D2 std.algorithm.sort actually does come in two flavors, the string kind 
and an alias kind.

And in fact the string kind just creates a function that's passed to the 
alias kind.  So it probably doesn't actually eliminate the call overhead 
despite the comparison function being available at compile time.  I was 
a little surprised when I saw that implementation, actually.
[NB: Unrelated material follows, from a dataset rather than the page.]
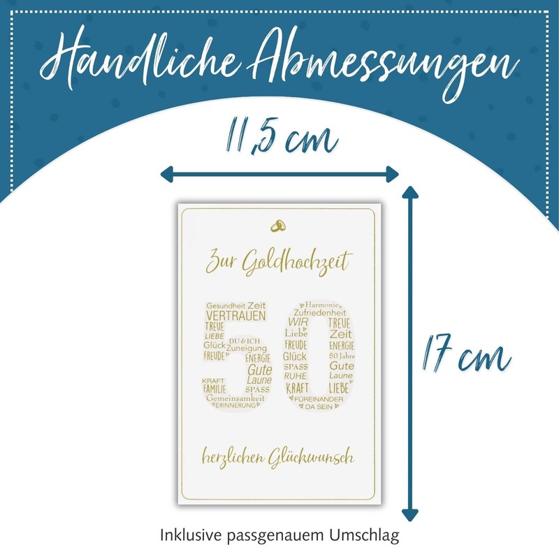 bsb Golden Wedding Card - Loving Gifts for Golden Wedding with Heart Motif - Card for Gold Wedding Anniversary with Envelope - Wedding Anniversary - Card in 11.5 x 17.0 cm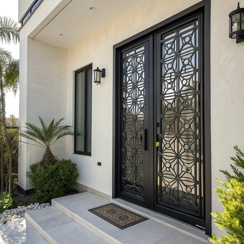 Go big or go home, right? Double iron doors with decorative grills make a statement that says, “Yeah, I’ve got style, and I’m not afraid to show it.” These aren’t just doors; they’re the grand entrance your home deserves.

Anyway, I just like the idea of using a string literal for comparisons 
for the simple cases.  I tried to use boost::functional once and was 
totally incapable of writing something as trivial as an expression that 
used .member of the argument thingy rather than the argument itself. 
But the string expression makes it completely obvious how to do that. 
And it *should* be inline-able and CTFE-able if you write your templates 
carefully, even if the current implementation is not*.

--bb

* Note that I'm not sure if the std.algorithm implementation is 
CTFE-able or not.  Haven't tried it.  Doesn't look like it would be 
though. Not by DMD at least.
December 19, 2007
Re: D2's std.algorithm
Bill Baxter wrote:
> 
> D2 std.algorithm.sort actually does come in two flavors, the string kind 
> and an alias kind.
> 
> And in fact the string kind just creates a function that's passed to the 
> alias kind.  So it probably doesn't actually eliminate the call overhead 
> despite the comparison function being available at compile time.  I was 
> a little surprised when I saw that implementation, actually.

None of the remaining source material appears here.